By this measure alone, the virus has recently spread at a higher rate in Maine than in just about every other state, according to an online model developed by researchers at Harvard TH Chan School of Public Health and a another developed by a software group. developers who include the founders of Instagram. They each assigned Maine a recent breeding number of around 1.45.
But scientists are issuing a number of caveats about the reproduction number value, which cannot be calculated in real time and must instead be modeled using older data.
These models are based on “a good number of assumptions,” according to Dr. Peter Millard, former epidemiological staff at the US Centers for Disease Control and Prevention and assistant professor at the University of New England.
While it’s generally helpful to know if the breeding number is greater than one, Millard said, it won’t help identify the latest trends that epidemiologists need to react quickly and publicize to contain the pandemic, such as an outbreak. in a nursing home or the spread of the virus in a rural town.
“I don’t think that’s a reliable statistic that would be of much value in Maine,” Millard said.
Patterns of breeding numbers can also be easily changed in states such as Maine, New Hampshire and Vermont which are now seeing an increase in the coronavirus after having had relatively low numbers of cases throughout the pandemic, according to Robert Long, a spokesperson for the Maine Center for Disease Control and Prevention.
“This is neither bad nor wrong. But that does mean that a state like Maine, which was stable at 20-30 cases / day, will look “peak” when we go down to 40-60 cases, let alone 150-200, “Long said. “That’s what happens when you look at the relative percentage differences more than anything else.”
Over the past two weeks, Maine CDC director Nirav Shah has publicly presented the data behind these mathematical models, according to Long. He said a “more relevant” measure would show the incidence of the virus per capita.
Public health experts frequently point to the growth in new cases and hospitalizations, as well as the portion of tests that come back positive, as some of the most revealing measures of the impact of the pandemic on a condition.
On Tuesday, despite the steadily rising number of cases in the state, the seven-day moving average of daily new coronavirus cases in Maine was still one of the lowest in the country. Maine has recorded an average of 1.45 new cases per day per 10,000 people over the past week, placing it 43rd in the country, according to data from the Coronavirus Resource Center at Johns Hopkins University.

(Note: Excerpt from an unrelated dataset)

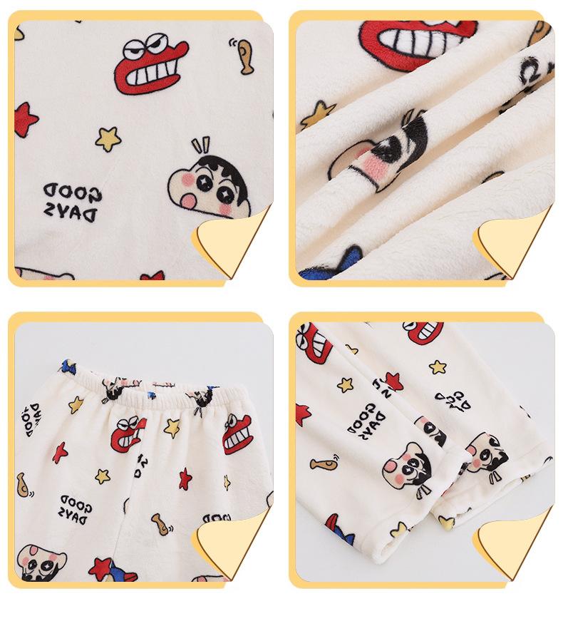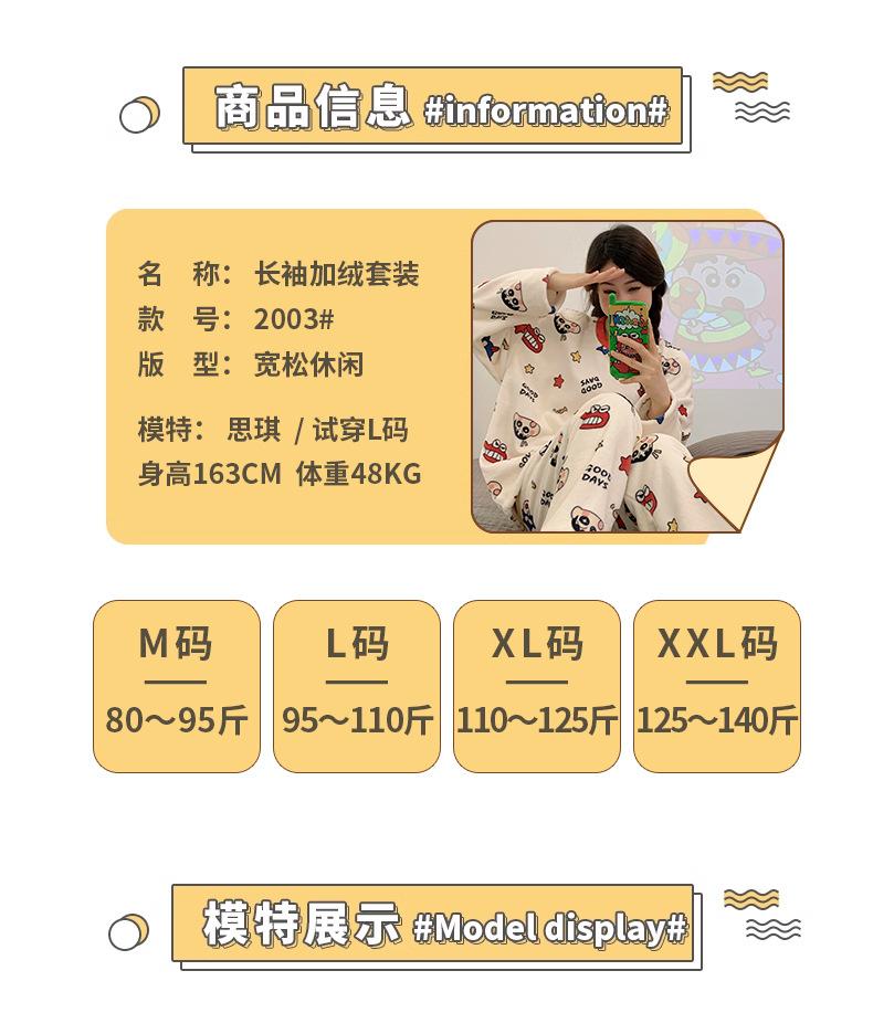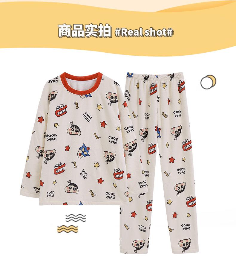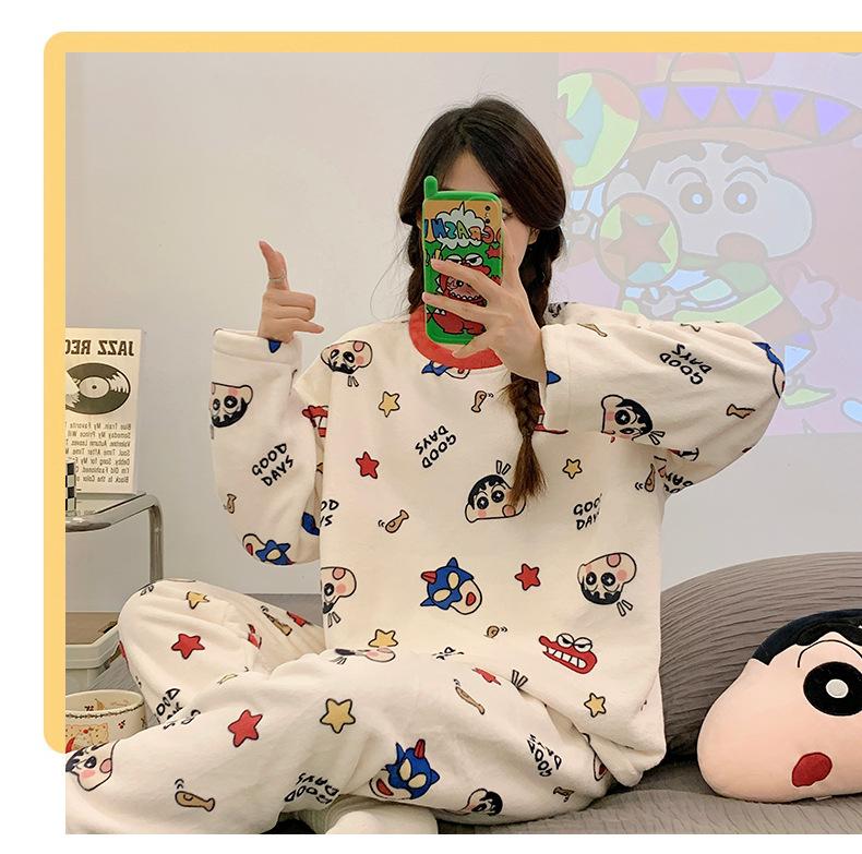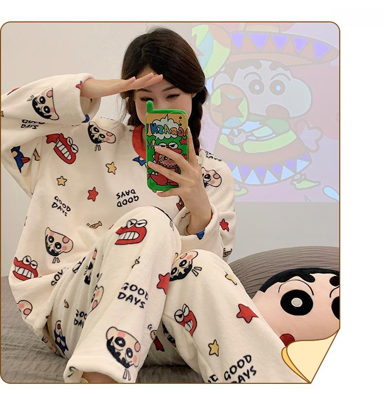 Pijamas de otoño e invierno 2024 para mujer, de manga larga, de forro polar coral, con cuello redondo, de franela estampada con dibujos animados para estudiantes, ropa para el hogar

According to the COVID Tracking Project, the seven-day average of Mainers hospitalized with COVID-19 has fallen from 10 hospitalizations per million people at the end of October to 37 per million, but it’s still well below the national rate of more than 150.
Maine’s test positivity rate is on average 2% over the past seven days, according to data tracked by Johns Hopkins University. This rate has increased in recent weeks, but remains the second lowest in the country, with only Vermont having a lowest.
North Carolina ranks just behind Maine in terms of daily new cases, but it has one of the lowest R-values in the country, both in Harvard models and among software developers. Vermont, with the lowest rate of new daily cases, has the third highest R-value in the software developer model, behind only Maine and New Hampshire.